В уголовном праве, как практически и во всей юридической науке, получил распространение хрестоматийный взгляд о трехчленности правовой нормы57. Авторы, отстаивающие эту концепцию, утверждают, что уголовно-правовая норма есть разновидность правовой нормы; ей, как и другим разновидностям последней, в равной мере присущи гипотеза, диспозиция и санкция. «Гипотезой нормы (условием применения правила поведения) будет служить указание на факт совершения лицом. деяния, содержащего все признаки состава преступления, предусмотренного таким законом. ... Диспозицией нормы (самим правилом поведения) будет запрет совершать такое деяние. Санкцией нормы (неблагоприятными последствиями, которые наступят за неисполнение правила поведения) будет указание на возможные виды наказаний и их размеры, следующие за совершением запрещенного деяния...»58
О.Э. Лейст указывает: «Во-первых, санкция признается необходимым структурным элементом или атрибутом любой правовой нормы, придающей ей государственно-властный характер. Во-вторых, связь санкции с рядом правовых норм сложна, многозвенна. Санкцию имеет любая норма права, но это вовсе не означает, что санкция включается в состав данной, отдельно взятой нормы»59.

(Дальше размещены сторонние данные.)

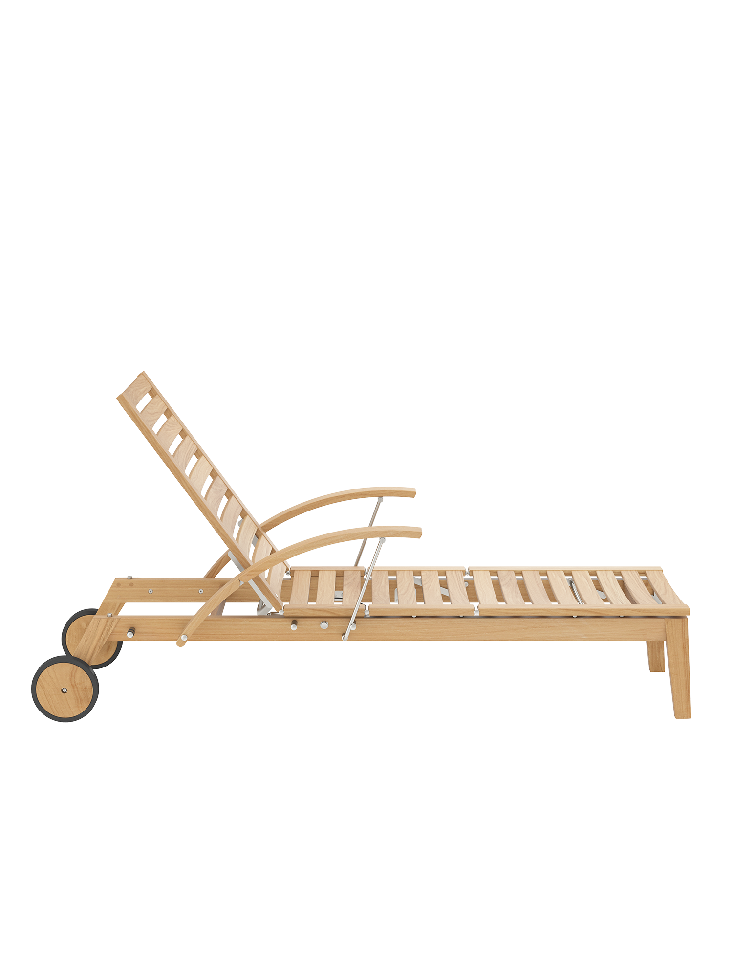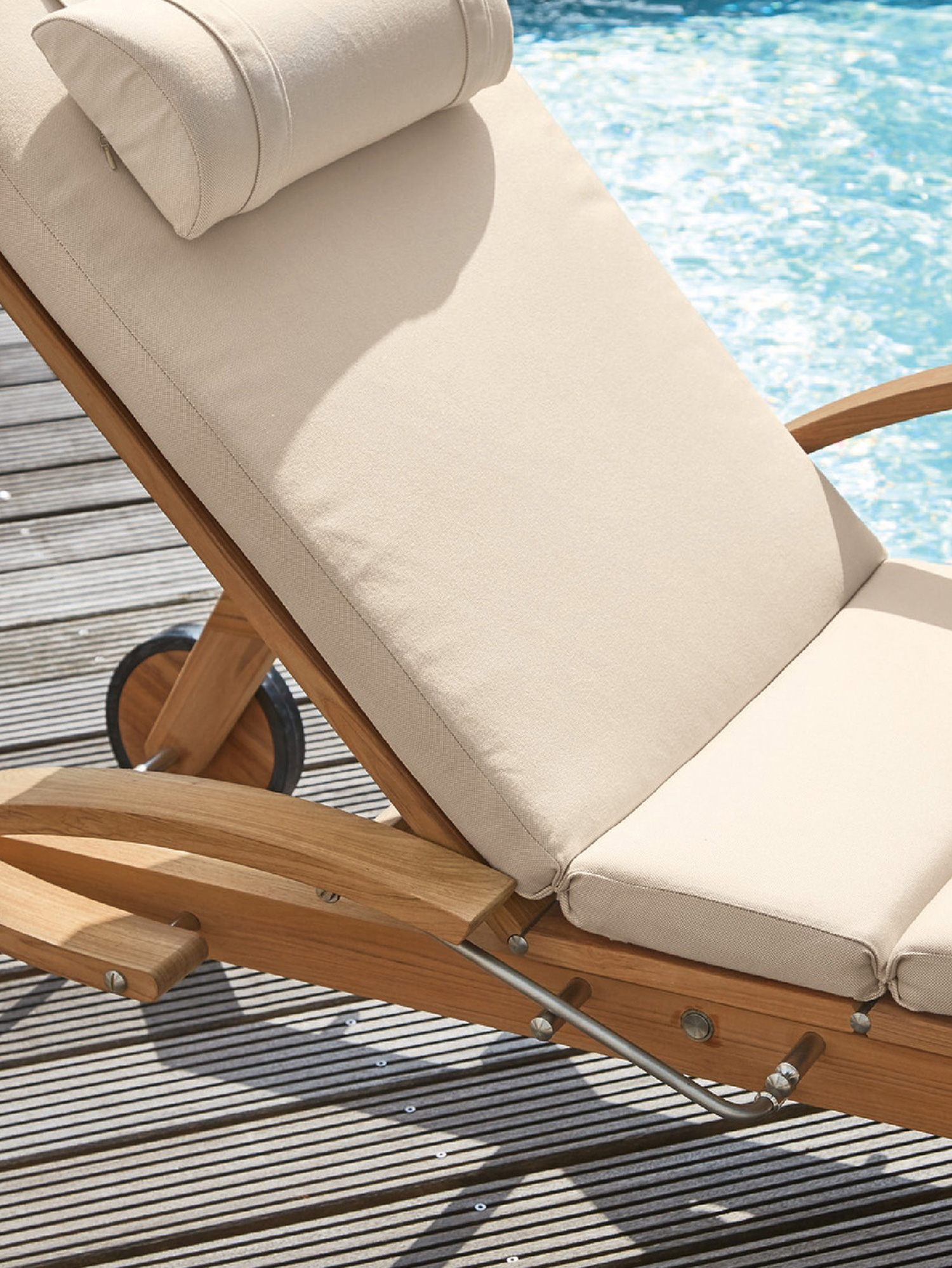 Hamptons combines simple elegance with the highest comfort and sophisticated technology. The backrest of the teak lounger can be adjusted at the touch of a button with the help of a hydraulic piston. Discreetly hidden under the seat, it takes care of the variable positioning. The armrests can be swung back to facilitate access.

Противоречивость и некоторая искусственность этой позиции, на наш взгляд, очевидны. Если условием (гипотезой) применения нормы выступает факт совершения лицом преступления, то самим правилом поведения не может признаваться запрет совершения преступления, так как бессмысленно запрещать то, что уже произошло. Названной гипотезе должна соответствовать иная по сути диспозиция, в ней должно содержаться указание на неблагоприятные последствия для лица в случае совершения им преступления.
Не согласованы между собой содержание диспозиции и санкции. Если лицо воздержалось от совершения преступления, то в этом случае неблагоприятных последствий для него быть не может. Значит, для реализации санкции должно быть предусмотрено иное поведение виновного.

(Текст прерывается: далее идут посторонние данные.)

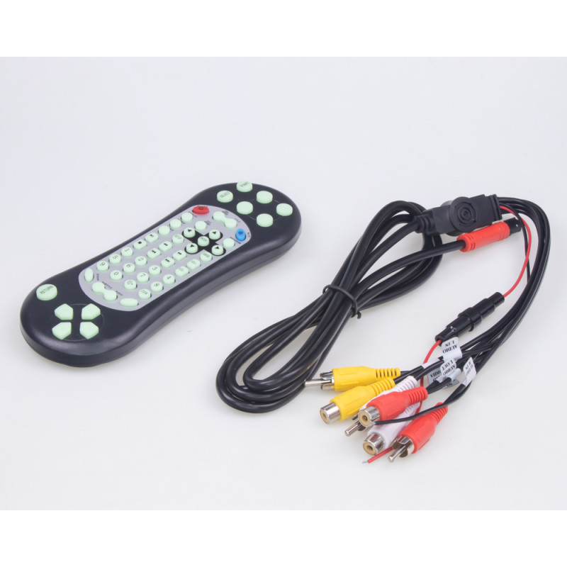 Obsah balení: Monitor, držák s přísavkou + podložka, napájecí kabel s CL, kabel pro připojení kamery (2,5mm Jack/RCA) délka cca 20cm, AUX kabel 3,5mm / 3,5 mm.
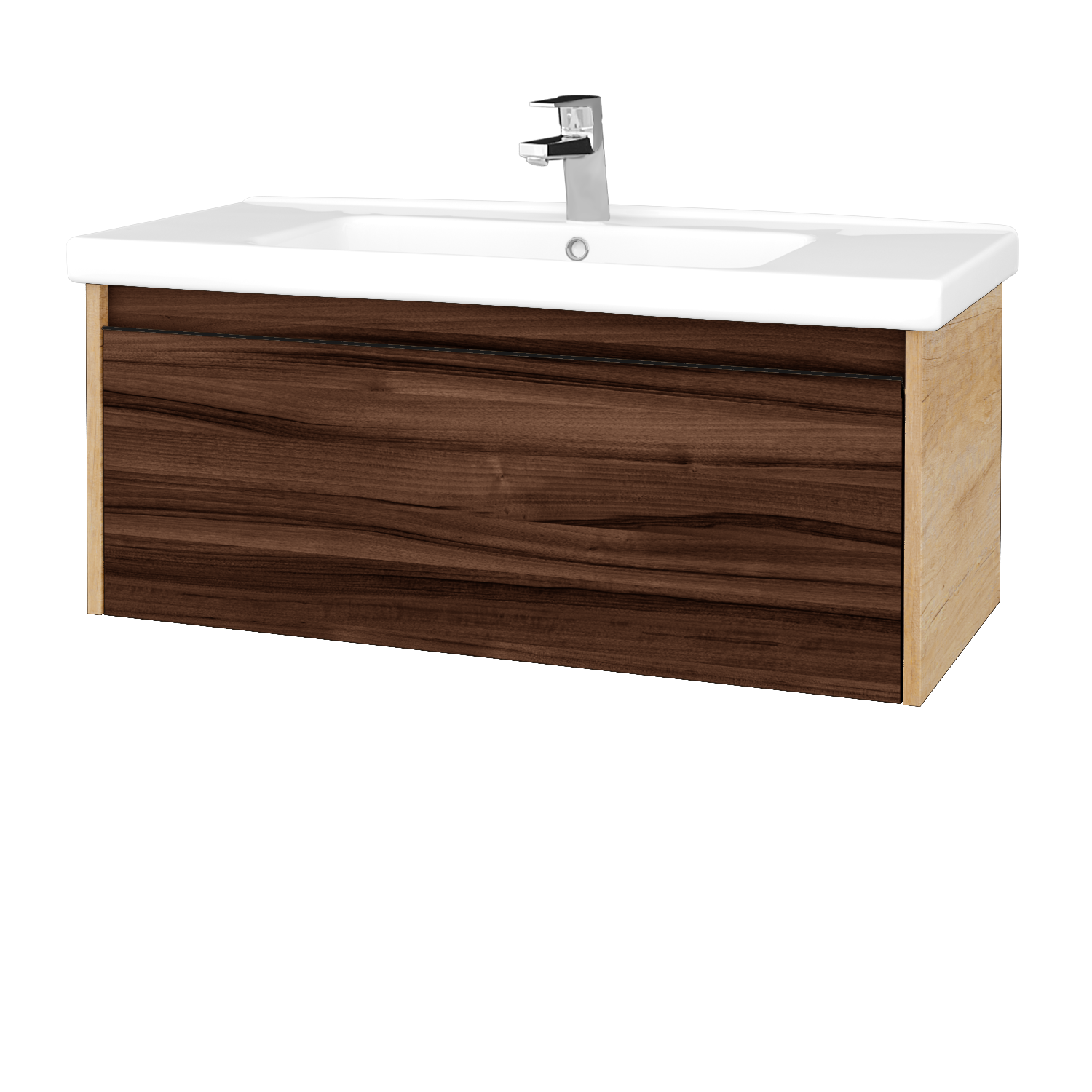 Waschtischunterschrank LOGI SZZ 100 (Waschtisch Harmonia)  - D15 Eiche Nebraska - D06 Nussbaum Express Lieferung Abgesenkter Siphon
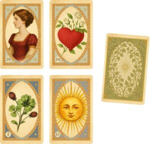 人物カードの向きが左右を向いているため、現在・過去・未来の状況や、相手の意識が驚くほど分かりやすく読み解けます。雲のデザインも曖昧さがなく、吉凶のコンビネーションリーディングがスムーズです。
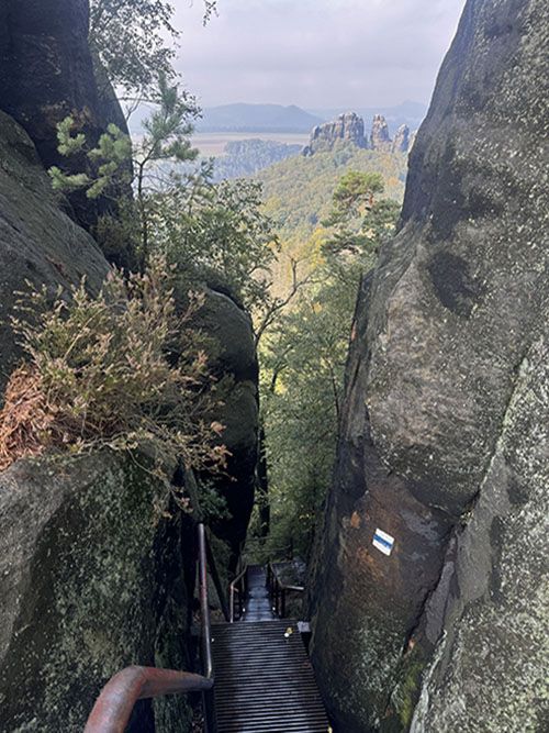 The notorious Himmelsleiter then challenges us with its narrow, steep steps. We climb up through a narrow rock crevice towards the heavens. At the top, another beautiful panorama over the surrounding rocks and forests awaits us. Our cameras work overtime in this glorious weather.

Созвучен с изложенным критический анализ трехчленной структуры нормы, проделанный Е.Я. Мотовиловкером. Он писал, что, «реализуясь в правоотношении, юридическая норма должна являться в полном наборе своих элементов. Конкретизация нормы есть конкретизация ее компонентов. Однако нормальный ход правоотношения вовсе не сопряжен с актуализацией санкции. Осуществление обязанностей, соблюдение запрета, т. е. реализация диспозиции, не обусловливает, не влечет санкцию. Юридический факт, выраженный в гипотезе, рождает субъективные права и обязанности, но их претворение не влечет, а прекращает правоотношение. Правоотношение, таким образом, вроде бы уже имело место в действительности, а санкция осталась неконкретизированной. Она, следовательно, функционально себя не оправдала, а потому вряд ли может считаться элементом соответствующей этому правоотношению нормы. Санкция актуализируется, если произойдет факт, препятствующий реализации первоначальных прав и обязанностей. Но это уже новый факт, отраженный другой гипотезой, а возникшее правоотношение есть другое правоотношение»60.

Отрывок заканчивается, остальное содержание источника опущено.